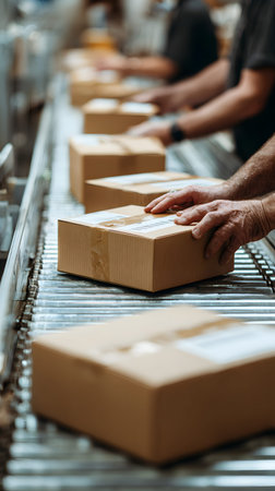 Close-up of workers hands holding cardboard boxes on conveyor belt
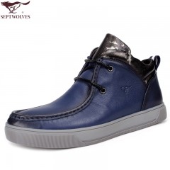 七匹狼 棉鞋时尚软皮头层牛皮男士休闲高帮真皮保暖皮鞋男鞋子
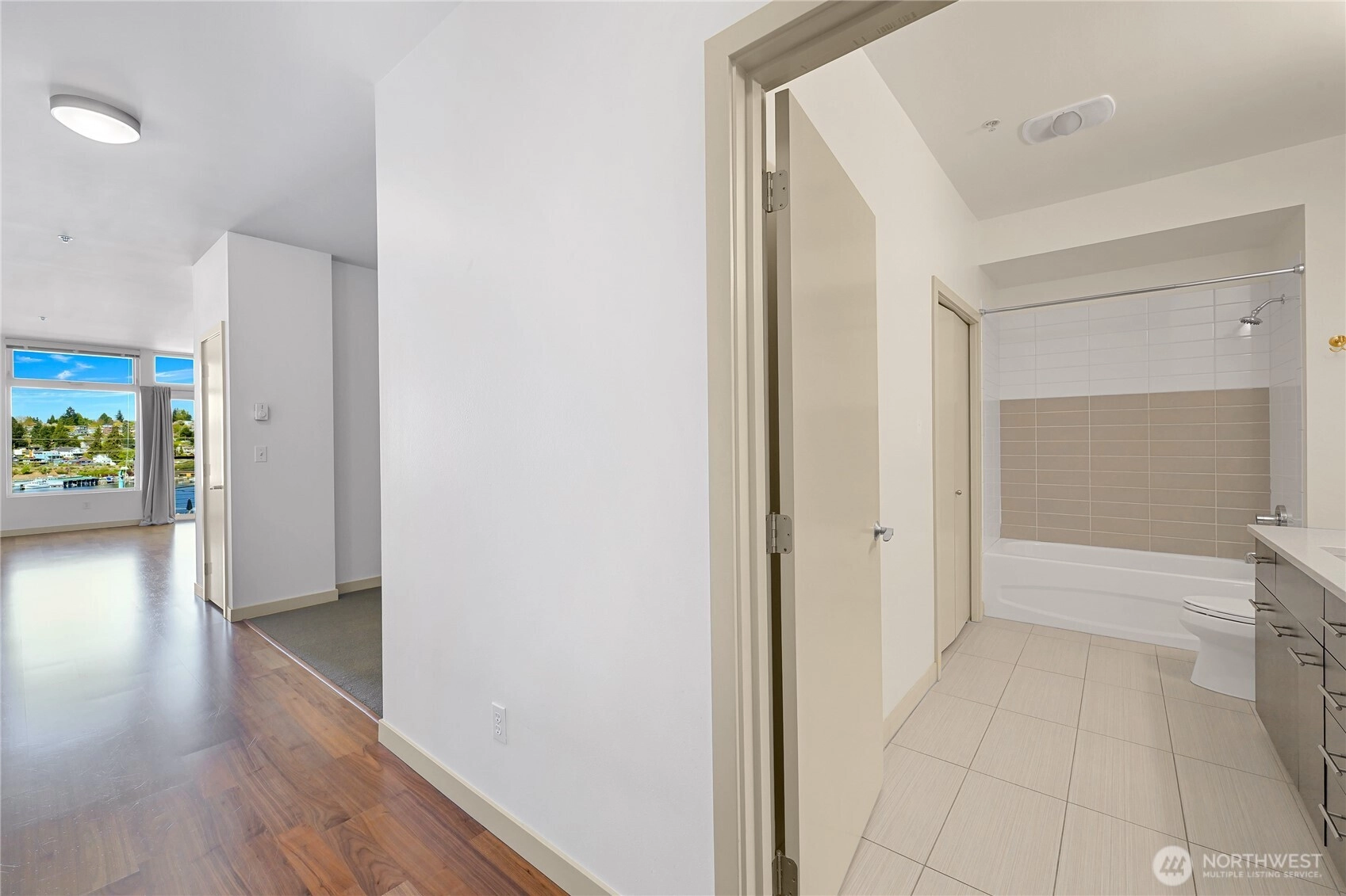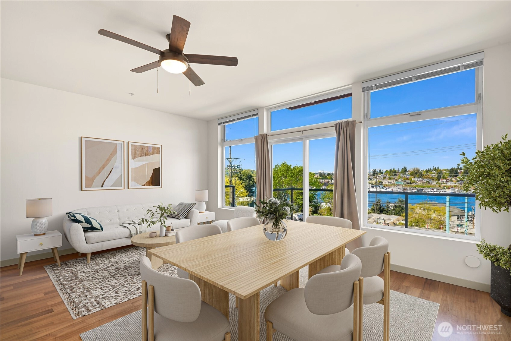 Modern, west-facing 1-bedroom condo with panoramic views of Lake Union & the Ship Canal Bridge. This light-filled unit features an open layout, oversized windows & 9' ceilings for an expansive, airy feel. The kitchen is equipped with wood cabinets, granite countertops, a brand new gas cooktop and plenty of room to entertain. Features include hardwood floors throughout main living space, tiled bathroom with soaker tub and quartz countertops, plus extra storage on the same floor and a great parking spot in the underground parking garage. Outside, enjoy a fully landscaped courtyard with a grill station and lounge areas. Live steps from UW, Lake Union, local parks, and Seattle’s best dining. Pet-friendly and right on the bus line to downtown!
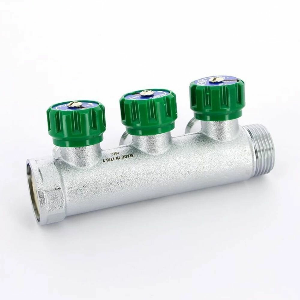 Коллектор FAR 1"х3/4" 3 выхода под плоскую прокладку хромированный с вентилями
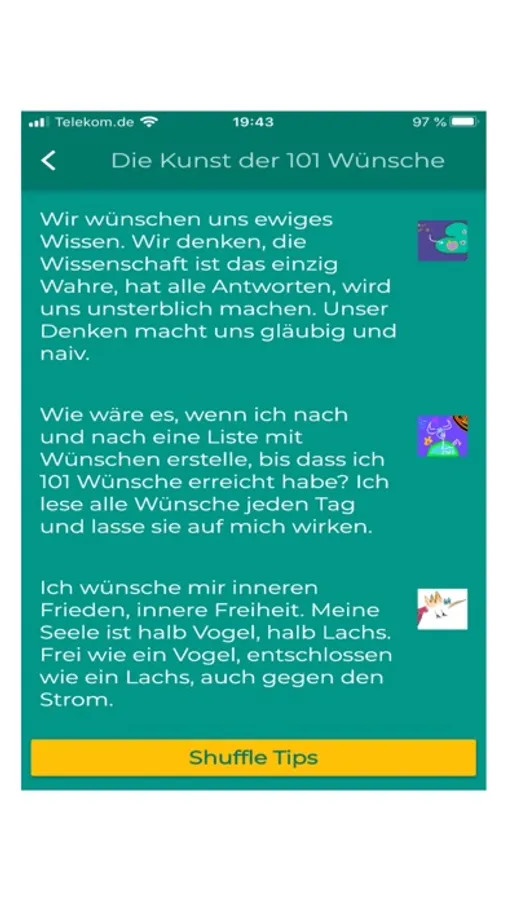 We enable you to pursue your authentic wishes more effectively, letting go of unhealthy wishes, far from your real desires. The app is structured in exercises. The current app version focuses on a powerful exercise, which builds the foundations for further exercises: DIVE INSIDE YOUR WISH.
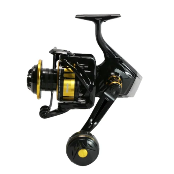 Chaque détail est pensé pour la pêche en mer forte : manivelle vissée en aluminium, poignée ronde ergonomique, rotor Cyclonic Flow™ pour une meilleure ventilation, et bobine large capacité idéale pour les pêches longues distances ou verticales en profondeur.

- WHAT THE TASK ASKS: Skipping all pictures, set the listing down exactly as written.

- ANSWER SPACE:
 Close-up of workers hands holding cardboard boxes on conveyor belt
 七匹狼 棉鞋时尚软皮头层牛皮男士休闲高帮真皮保暖皮鞋男鞋子
 Modern, west-facing 1-bedroom condo with panoramic views of Lake Union & the Ship Canal Bridge. This light-filled unit features an open layout, oversized windows & 9' ceilings for an expansive, airy feel. The kitchen is equipped with wood cabinets, granite countertops, a brand new gas cooktop and plenty of room to entertain. Features include hardwood floors throughout main living space, tiled bathroom with soaker tub and quartz countertops, plus extra storage on the same floor and a great parking spot in the underground parking garage. Outside, enjoy a fully landscaped courtyard with a grill station and lounge areas. Live steps from UW, Lake Union, local parks, and Seattle’s best dining. Pet-friendly and right on the bus line to downtown!
 Коллектор FAR 1"х3/4" 3 выхода под плоскую прокладку хромированный с вентилями
 We enable you to pursue your authentic wishes more effectively, letting go of unhealthy wishes, far from your real desires. The app is structured in exercises. The current app version focuses on a powerful exercise, which builds the foundations for further exercises: DIVE INSIDE YOUR WISH.
 Chaque détail est pensé pour la pêche en mer forte : manivelle vissée en aluminium, poignée ronde ergonomique, rotor Cyclonic Flow™ pour une meilleure ventilation, et bobine large capacité idéale pour les pêches longues distances ou verticales en profondeur.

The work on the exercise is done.